Step 1: Heat milk slowly and evenly to temperature specified by your recipe (usually between 75-90ºF) and add freeze-dried culture. This is best done using the double-boiler method.

Step 2: Allow bacteria in the culture adequate time to grow in your milk per your recipe. This ripening period varies greatly by culture and type of cheese; it is during this ripening period that the pH of your milk begins to drop and flavors are already beginning to develop.

Step 3: Add diluted calcium chloride (optional, assists with coagulation when using store-bought milk) and then diluted coagulant/rennet as directed by your recipe. This will cause the curd to form and begin to separate from the whey. Allow milk to coagulate completely per your recipe.
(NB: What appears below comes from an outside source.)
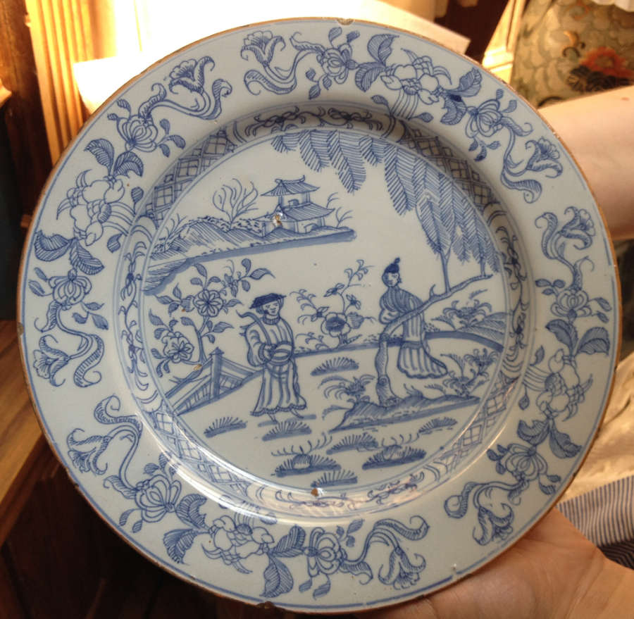 On bottom of plate: [written in black marker, hardly visible] "Monahon." [round white sticker] "William & Gretchn Viall Collection." [white rectangle sticker] "Liverpool 1742/John C. Austin page/158+p.27." [white rectangle sticker] "Liverpool? Elenor Monahon collection 12/19/91."

Step 4: Cut the curd: With a long knife, gently cut your curd mass into equal -sized cubes. This is easily achieved by cutting in two directions at a 45º angle. Allow cut curd to “rest” (heal) for a bit; this resting time allows the curds to release more whey and to toughen up somewhat.

Step 5: Drain whey off of curd. This is done many different ways, but for fresh, unpressed cheeses this is usually achieved by ladling curd into cheesecloth-lined forms. Allow to drain naturally. You may wish to save the drained whey, as it can be used to make ricotta. The curds will compress under their own weight as the whey drains, so fill your forms to the very top — you can expect the mass to shrink as it settles in. Allow to drain for the amount of time specified by your recipe, usually about 12 hours. Some cheesemakers like to flip the cheese (remove from form, flip, place back in form) halfway through the draining period for a consistent drainage and appearance.

Step 6: Remove your cheese from the form and allow to dry on sanitized draining mat. Note that this part of the process varies significantly between the different types and styles of cheese. Some cheeses are pressed in a mold with a follower and weights, etc.